EXERCISE DESCRIPTION - A faithful copy of all the data is the goal; omit the pictures.

INFORMATION SUPPLIED -
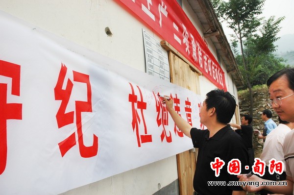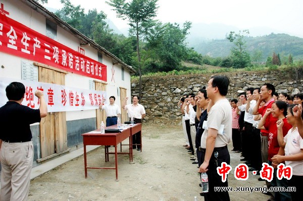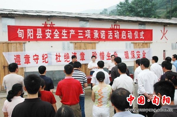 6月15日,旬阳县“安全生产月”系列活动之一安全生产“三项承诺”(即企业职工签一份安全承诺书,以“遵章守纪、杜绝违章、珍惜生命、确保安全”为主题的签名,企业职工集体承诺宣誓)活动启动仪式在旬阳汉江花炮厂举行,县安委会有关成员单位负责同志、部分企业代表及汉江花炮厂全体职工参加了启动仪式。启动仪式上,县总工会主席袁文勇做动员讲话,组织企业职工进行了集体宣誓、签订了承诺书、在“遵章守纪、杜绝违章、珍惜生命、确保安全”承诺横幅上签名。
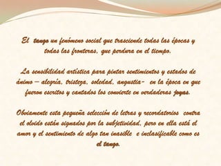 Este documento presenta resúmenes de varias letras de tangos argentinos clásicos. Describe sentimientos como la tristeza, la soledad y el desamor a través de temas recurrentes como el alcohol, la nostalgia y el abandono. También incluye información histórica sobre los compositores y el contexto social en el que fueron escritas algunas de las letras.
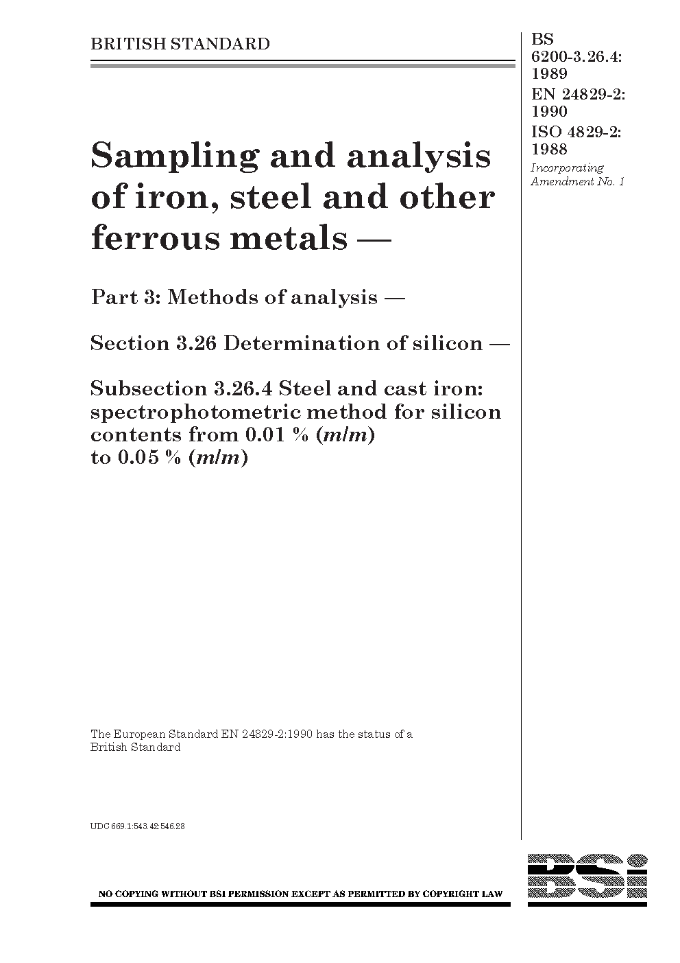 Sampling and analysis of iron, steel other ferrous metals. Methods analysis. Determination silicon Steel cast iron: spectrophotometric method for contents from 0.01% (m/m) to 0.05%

RESULT BELOW -
 6月15日,旬阳县“安全生产月”系列活动之一安全生产“三项承诺”(即企业职工签一份安全承诺书,以“遵章守纪、杜绝违章、珍惜生命、确保安全”为主题的签名,企业职工集体承诺宣誓)活动启动仪式在旬阳汉江花炮厂举行,县安委会有关成员单位负责同志、部分企业代表及汉江花炮厂全体职工参加了启动仪式。启动仪式上,县总工会主席袁文勇做动员讲话,组织企业职工进行了集体宣誓、签订了承诺书、在“遵章守纪、杜绝违章、珍惜生命、确保安全”承诺横幅上签名。
 Este documento presenta resúmenes de varias letras de tangos argentinos clásicos. Describe sentimientos como la tristeza, la soledad y el desamor a través de temas recurrentes como el alcohol, la nostalgia y el abandono. También incluye información histórica sobre los compositores y el contexto social en el que fueron escritas algunas de las letras.
 Sampling and analysis of iron, steel other ferrous metals. Methods analysis. Determination silicon Steel cast iron: spectrophotometric method for contents from 0.01% (m/m) to 0.05%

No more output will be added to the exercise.